Pictures aside, reproduce exactly and only the lines from the one containing "Maison 99m² comprenant" through the end of the records.

↓

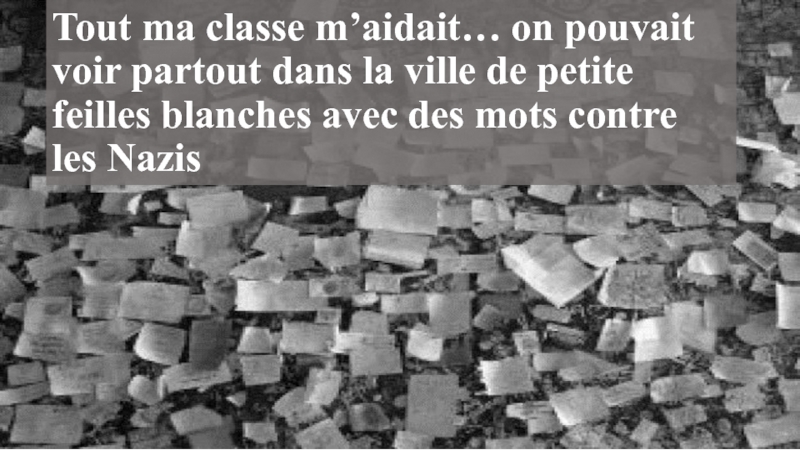 Tout ma classe m’aidait… on pouvait voir partout dans la ville de petite feilles blanches avec des
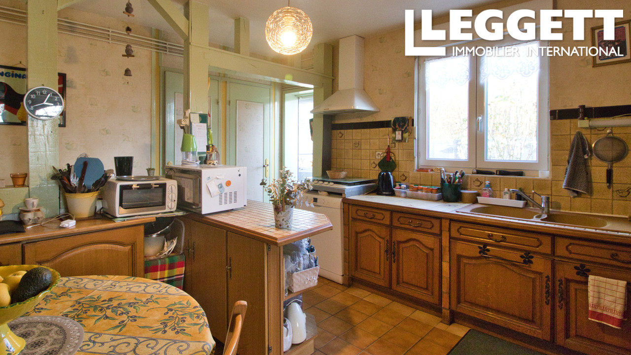 Maison 99m² comprenant : cuisine -salle à manger avec cheminée et four à pains, tomettes, salon avec cheminée d'ornement , tomettes, chambre avec cheminée , tomettes, deuxième chambre. Grenier aménageable. Chauffage central fuel. Double vitrage PVC. Chauf...
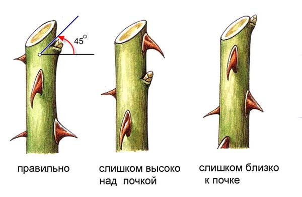 Remarque! La coupe doit être oblique pour que l'humidité ne s'accumule pas. De plus, il doit être légèrement plus haut que le rein d'environ 0,5 à 1 cm. Ce dernier rein doit être externede sorte que l'année prochaine, la brindille ira à l'extérieur, et non à l'intérieur de la brousse.
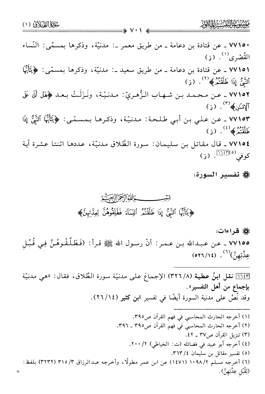 ٧٧١٥٣ - عن علي بن أبي طلحة: مدنيّة، وذكرها بمسمّى: {يا أيها النبي إذا طَلَّقْتُم} (¬٤). (ز)
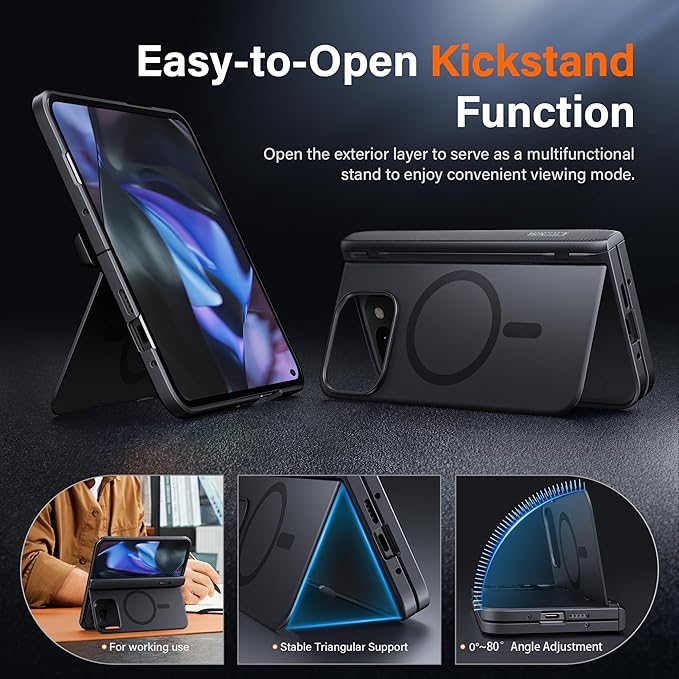 [大型隠し水平スタンド&スリムデザイン] - 当社のPixel 9pro Foldスリムデザインケースは軽量で、簡単にグリップできます。背面カバーを開けると水平スタンドになり、デスクトップに安定して置くことができます。使用しないときは隠すことができます。十分な大きさのキックスタンドを備え、ハンズフリーのFaceTimeやビデオチャットのための水平方向の安定性を高めます。
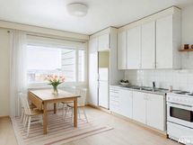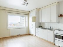 - Liesi: sähköliesi. Työtasot: laminaatti. Kylmäsäilytys: jenkkikaappi. Varustus: liesikupu, varattu paikka astianpesukoneelle. Vanha keittiö.

↑

• _Exercise output_
 Maison 99m² comprenant : cuisine -salle à manger avec cheminée et four à pains, tomettes, salon avec cheminée d'ornement , tomettes, chambre avec cheminée , tomettes, deuxième chambre. Grenier aménageable. Chauffage central fuel. Double vitrage PVC. Chauf...
 Remarque! La coupe doit être oblique pour que l'humidité ne s'accumule pas. De plus, il doit être légèrement plus haut que le rein d'environ 0,5 à 1 cm. Ce dernier rein doit être externede sorte que l'année prochaine, la brindille ira à l'extérieur, et non à l'intérieur de la brousse.
 ٧٧١٥٣ - عن علي بن أبي طلحة: مدنيّة، وذكرها بمسمّى: {يا أيها النبي إذا طَلَّقْتُم} (¬٤). (ز)
 [大型隠し水平スタンド&スリムデザイン] - 当社のPixel 9pro Foldスリムデザインケースは軽量で、簡単にグリップできます。背面カバーを開けると水平スタンドになり、デスクトップに安定して置くことができます。使用しないときは隠すことができます。十分な大きさのキックスタンドを備え、ハンズフリーのFaceTimeやビデオチャットのための水平方向の安定性を高めます。
 - Liesi: sähköliesi. Työtasot: laminaatti. Kylmäsäilytys: jenkkikaappi. Varustus: liesikupu, varattu paikka astianpesukoneelle. Vanha keittiö.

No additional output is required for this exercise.